[DATA FOR ANALYSIS]

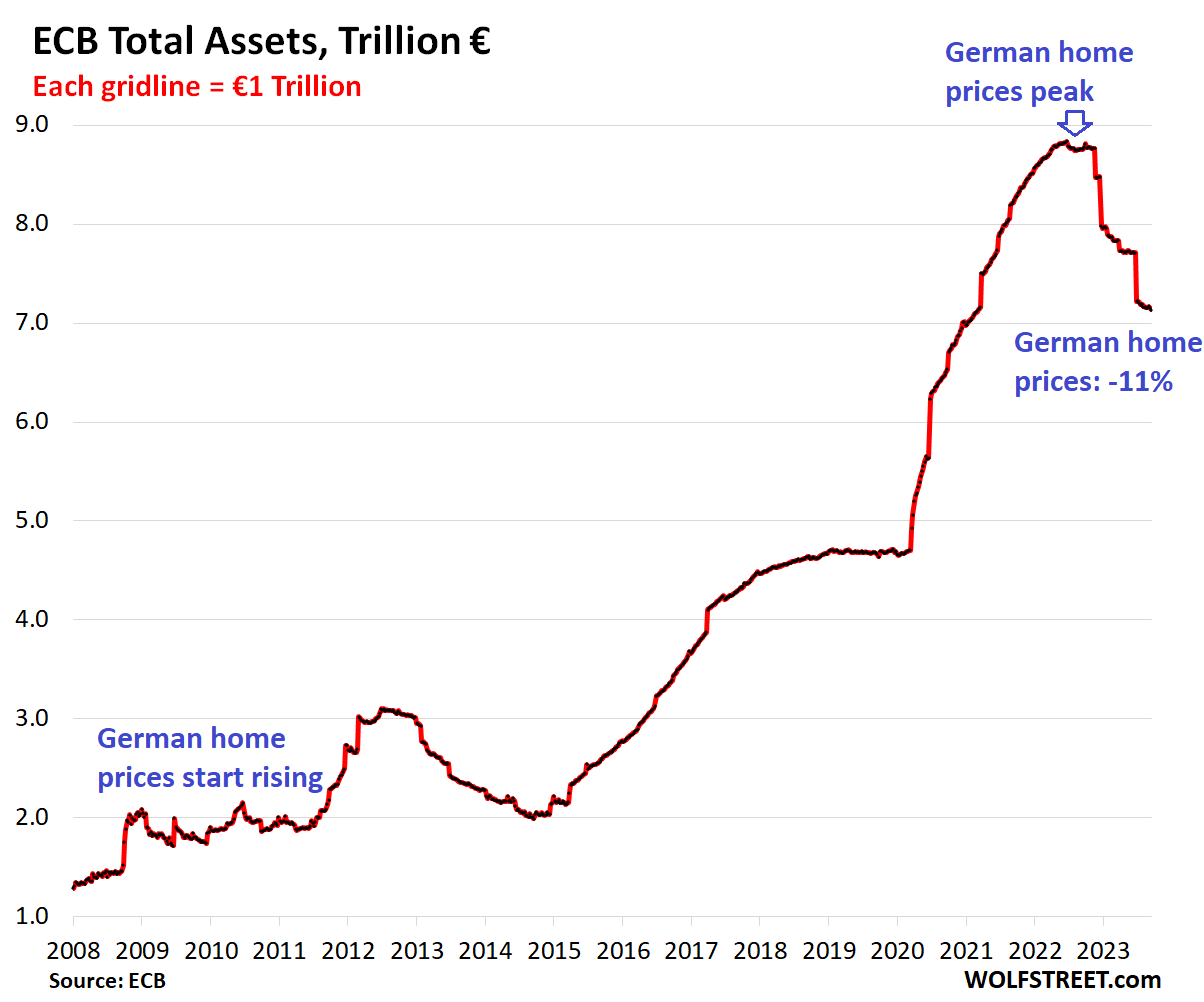 The QT show started less than a year ago. German home prices -11%, ECB assets -19%.
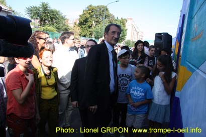 Ange et Damnation encadrant M François LAMY Ministre de la Ville. La consécration pour ces artistes, et la reconnaissance du travail social effectué auprès de la population de ce quartier.
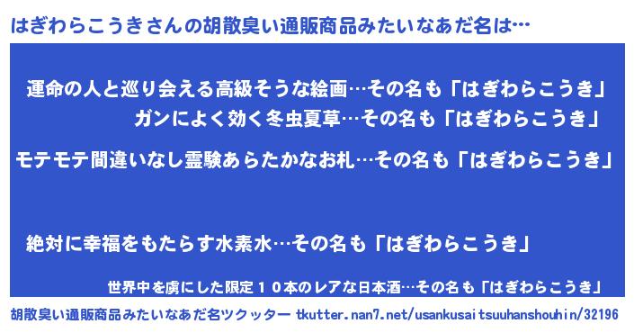 | ヘコむあだ名 | 『はぎっふぃ~』『つくし』『はぎを』 |
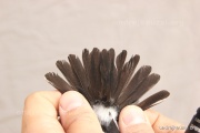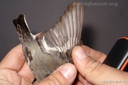 A bird infected with ticks. In flycatchers this is quite uncommon phenomenon. Tick infestation is more commonly found in birds foraging on the ground or at lower levels in vegetation.
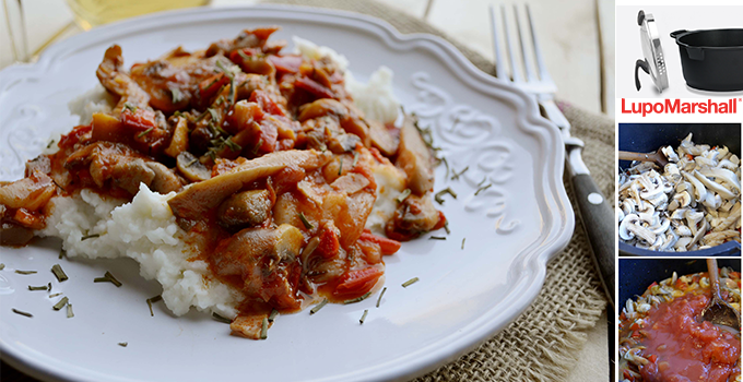 Dodati alevu papriku, so, biber po ukusu, majčinu dušicu, peršun, beli luk i paradajz i pirjaniti oko 20-tak minuta, dok pečurke ne omekšaju i ne ispari višak tečnosti.
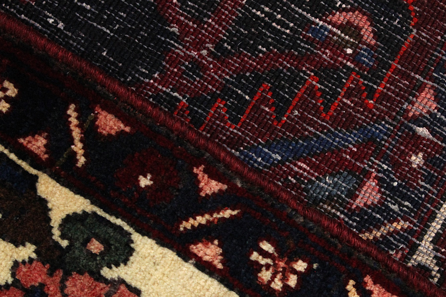 Abrash: Due to the different amount of grease in the wool and the added salt during the process of dyeing, the wool has got a varying colour absorbance. This is not very visible before weaving. During the weaving though, lines of the same colour are formed in the carpet. This is called Abrash (which in Farsi means little cloud) and it shows that the wool was not manufactured using chemical means and marks the naturalness and authenticity of the carpets. Examples
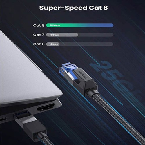 UGREEN CAT8 Ethernet RJ45 Cable 2M (80431), a high-performance networking solution designed to meet the demands of modern internet usage. This sleek black cable is not just aesthetically pleasing but also engineered for speed and reliability With a length of 2 meters, it offers flexibility in connectivity, making it ideal for both home and office setups. The cable supports lightning-fast data transfer rates of up to 40 Gbps, ensuring seamless streaming, gaming, and downloading without interruptions. Constructed with high-quality materials, the UGREEN CAT8 Ethernet cable features shielded twisted pairs that minimize interference, providing a stable connection even over longer distances. Its durable design ensures longevity, with a weight of only 133 grams, making it lightweight yet robust. The compact dimensions of 500 x 1 x 1 cm make it easy to manage and store, while the standard RJ45 connectors guarantee compatibility with a wide range of devices, including routers, switches, and gaming consoles. Upgrade your networking experience with the UGREEN CAT8 Ethernet RJ45 Cable, where speed, durability, and efficiency come together to deliver exceptional performance.

[/DATA FOR ANALYSIS]

WHAT THE EXERCISE ASKS. Give back exactly the lines from the line with "Abrash: Due to" through the final line of the entries above, and keep pictures out of the copy.

YOUR RESPONSE.
 Abrash: Due to the different amount of grease in the wool and the added salt during the process of dyeing, the wool has got a varying colour absorbance. This is not very visible before weaving. During the weaving though, lines of the same colour are formed in the carpet. This is called Abrash (which in Farsi means little cloud) and it shows that the wool was not manufactured using chemical means and marks the naturalness and authenticity of the carpets. Examples
 UGREEN CAT8 Ethernet RJ45 Cable 2M (80431), a high-performance networking solution designed to meet the demands of modern internet usage. This sleek black cable is not just aesthetically pleasing but also engineered for speed and reliability With a length of 2 meters, it offers flexibility in connectivity, making it ideal for both home and office setups. The cable supports lightning-fast data transfer rates of up to 40 Gbps, ensuring seamless streaming, gaming, and downloading without interruptions. Constructed with high-quality materials, the UGREEN CAT8 Ethernet cable features shielded twisted pairs that minimize interference, providing a stable connection even over longer distances. Its durable design ensures longevity, with a weight of only 133 grams, making it lightweight yet robust. The compact dimensions of 500 x 1 x 1 cm make it easy to manage and store, while the standard RJ45 connectors guarantee compatibility with a wide range of devices, including routers, switches, and gaming consoles. Upgrade your networking experience with the UGREEN CAT8 Ethernet RJ45 Cable, where speed, durability, and efficiency come together to deliver exceptional performance.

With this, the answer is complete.